L’antiquité verte stoppe dans la zone arrêt-minute en un grand crissement de pneus. Je suis projetée, puis retenue aussi sec par la ceinture qui me scie les côtes. Le conducteur se tourne vers moi attendant que je débarque de son véhicule. Mais le souffle encore coupé, j’ai besoin de temps pour reprendre mes esprits. Seul le pantin accroché au rétroviseur poursuit son oscillation, les membres désarticulés, vestige de cette dernière secousse.

« C’est la gare de Black River ! m’indique-t-il du menton, tout en mâchonnant son Roll’up.

— Oui, oui… merci euh… Chuck ?

— C’est ça !

— Merci pour l’auto-stop.

— Tu devrais y aller. Pour ton train.

— Oui, je ne pensais plus l’avoir.

— Alors fonce, que je n’ai pas fait chauffer la Plymouth pour rien ! »

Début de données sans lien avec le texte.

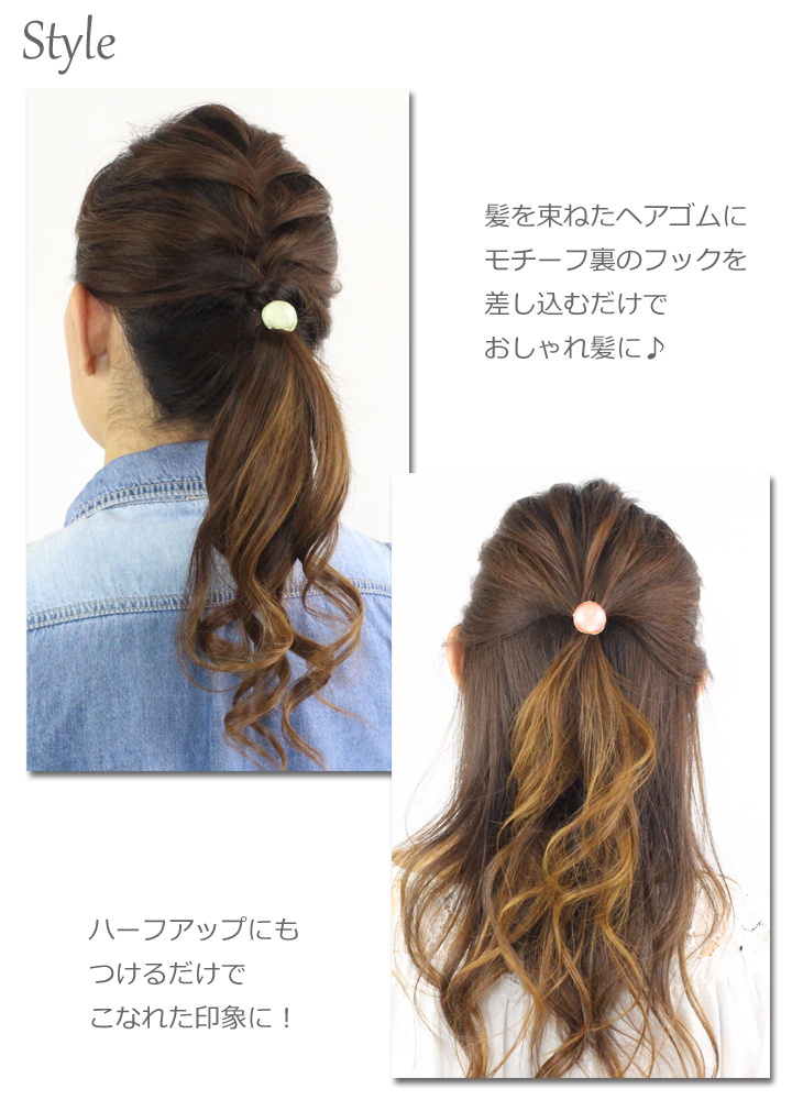 商品説明 | 使い方は髪を束ねたヘアゴムにモチーフ裏のフックをひっかけるだけ!! いままでのモチーフつきヘアゴムですとモチーフの位置や向きが思ったように決まらなかったり、 ゴムが伸びてしまって使えなくなってしまったりと。。。 そんな悩みをすべて解消してくれたのが『ポニーフック』新感覚アイテムです。 お団子やくるりんぱにつけたりと グッとおしゃれになりますので是非チャレンジしてみてください☆ また、単品使いはもちろんですが重ね付けすることでオリジナリティー感がでます!! |
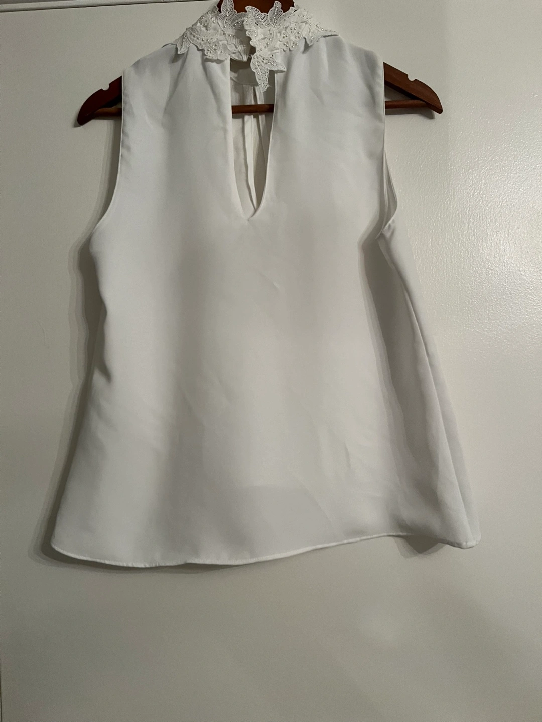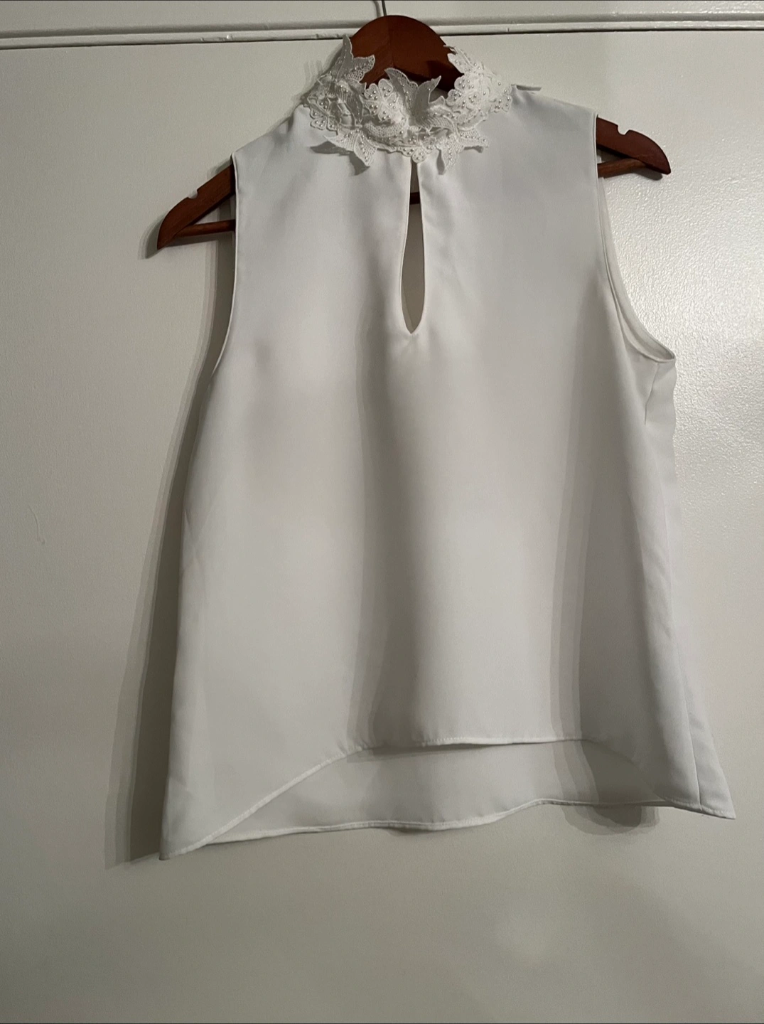 A elevated sleeveless blouse. Features a decorative lace collar with pearl accents. A keyhole detail in the front.

Dans une succession de grincements et de claquements de portières, je récupère ma valise. Un dernier salut à mon pilote ; un rapide coup d‘œil à l’immense horloge murale : dix minutes. Tout est encore jouable !

Passées les premières portes automatiques, je me retrouve dans un hall bondé, fourmillant comme dans une ruche. À défaut d’insectes, c’est le nombre de félins qui m’interpelle le plus au milieu de tous ces êtres vivants : un patchwork de couleurs, races et âges, des siamois, des charismatiques, des discrets, des marrants, des hot-cats au sex appeal affirmé, des à-lunettes et même à-scaphandre. Un concert de miaulements et ronronnements illustrant les échanges et l’intense activité qui règnent ici.

Un tintement de cloche brise soudain le brouhaha. Une voix claire s’élève alors des haut-parleurs :

« La compagnie Darcelade vous informe que le panneau d’affichage est actuellement indisponible suite à un incident technique indépendant de notre volonté. Nous vous invitons à vous rapprocher du personnel d’accueil, situé aux entrées du bâtiment. Nos membres B. G. G., Bienvenue à la Grande Gare, ainsi que ceux identifiables par leur badge altruiste, pourront vous renseigner sur notre protocole d’embarquement et vous conseiller sur vos trajets. En attendant, l'ensemble de notre équipe se mobilise pour réparer ce dysfonctionnement et vous souhaite un bon voyage. »

Aussitôt, tous ceux arborant le fameux badge vert sont pris d’assaut et je vois B., G. et G. s’appliquer à répondre à la kyrielle de touristes venus s’informer. Le bain de foule m’échaude et je recule jusqu’au coin du snack-presse Chez Nox-thé-lit. Autre groupe, autre ambiance. Une bande de copines pépient, devisant sur leurs anecdotes de coiffeur, de rencontres, de listes à terminer. Tout un roman ! Leur voisin de table, un brun barbu, hermétique à ce bavardage, interrompt son écriture à la réception d’un SMS. Les nouvelles ne doivent pas être bonnes car il quitte précipitamment la petite table où il s’est installé, oubliant même un de ses carnets de contes. Le temps que je m’en aperçoive, il a déjà disparu. Dommage, j’espère que son recueil ne lui fera pas défaut pour terminer son histoire.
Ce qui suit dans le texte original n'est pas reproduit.